# The task
Return exactly the lines of the records below, starting at the line that contains "Product Name Three" and ending at the line that contains "3. While holding", with both of those lines kept.

# Records to process
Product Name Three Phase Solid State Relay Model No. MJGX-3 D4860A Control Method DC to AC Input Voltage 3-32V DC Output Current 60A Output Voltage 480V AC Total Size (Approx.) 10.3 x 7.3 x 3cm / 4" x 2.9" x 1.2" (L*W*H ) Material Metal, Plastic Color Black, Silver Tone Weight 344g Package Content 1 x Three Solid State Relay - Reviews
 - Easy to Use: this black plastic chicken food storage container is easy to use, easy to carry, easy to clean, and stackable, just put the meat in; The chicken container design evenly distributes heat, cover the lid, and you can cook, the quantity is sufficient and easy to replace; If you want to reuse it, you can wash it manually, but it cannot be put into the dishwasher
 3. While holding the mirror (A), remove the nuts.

---

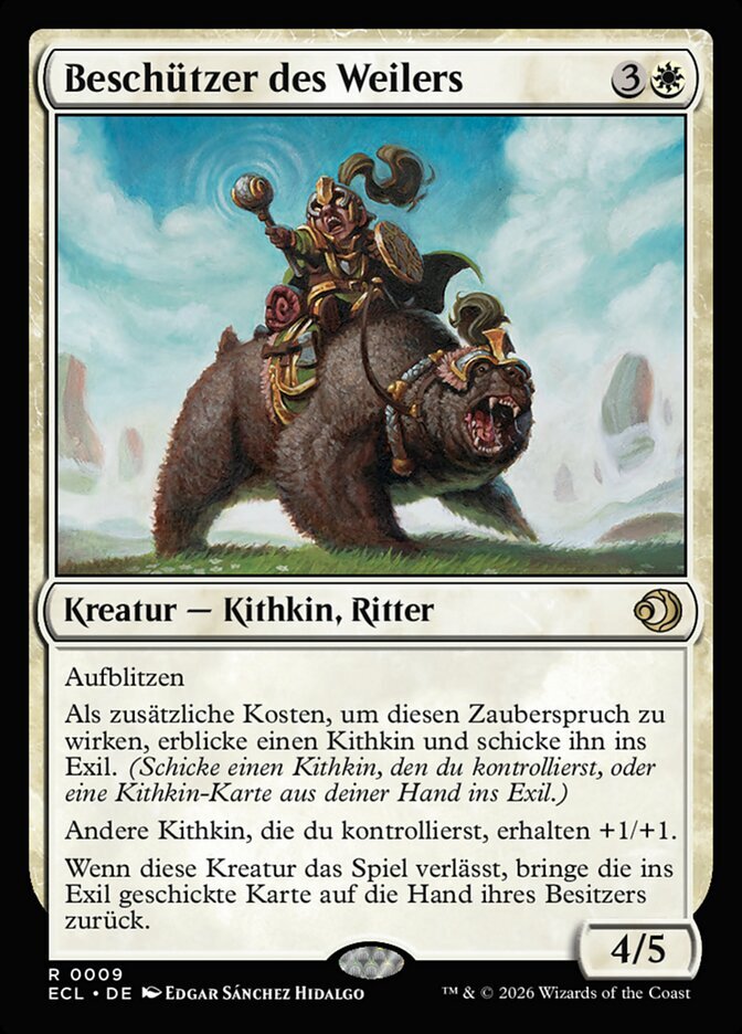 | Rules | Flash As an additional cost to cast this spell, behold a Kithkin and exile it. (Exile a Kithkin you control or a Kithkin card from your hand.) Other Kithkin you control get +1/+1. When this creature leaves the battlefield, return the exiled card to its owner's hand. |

# Result for this task
Product Name Three Phase Solid State Relay Model No. MJGX-3 D4860A Control Method DC to AC Input Voltage 3-32V DC Output Current 60A Output Voltage 480V AC Total Size (Approx.) 10.3 x 7.3 x 3cm / 4" x 2.9" x 1.2" (L*W*H ) Material Metal, Plastic Color Black, Silver Tone Weight 344g Package Content 1 x Three Solid State Relay - Reviews
 - Easy to Use: this black plastic chicken food storage container is easy to use, easy to carry, easy to clean, and stackable, just put the meat in; The chicken container design evenly distributes heat, cover the lid, and you can cook, the quantity is sufficient and easy to replace; If you want to reuse it, you can wash it manually, but it cannot be put into the dishwasher
 3. While holding the mirror (A), remove the nuts.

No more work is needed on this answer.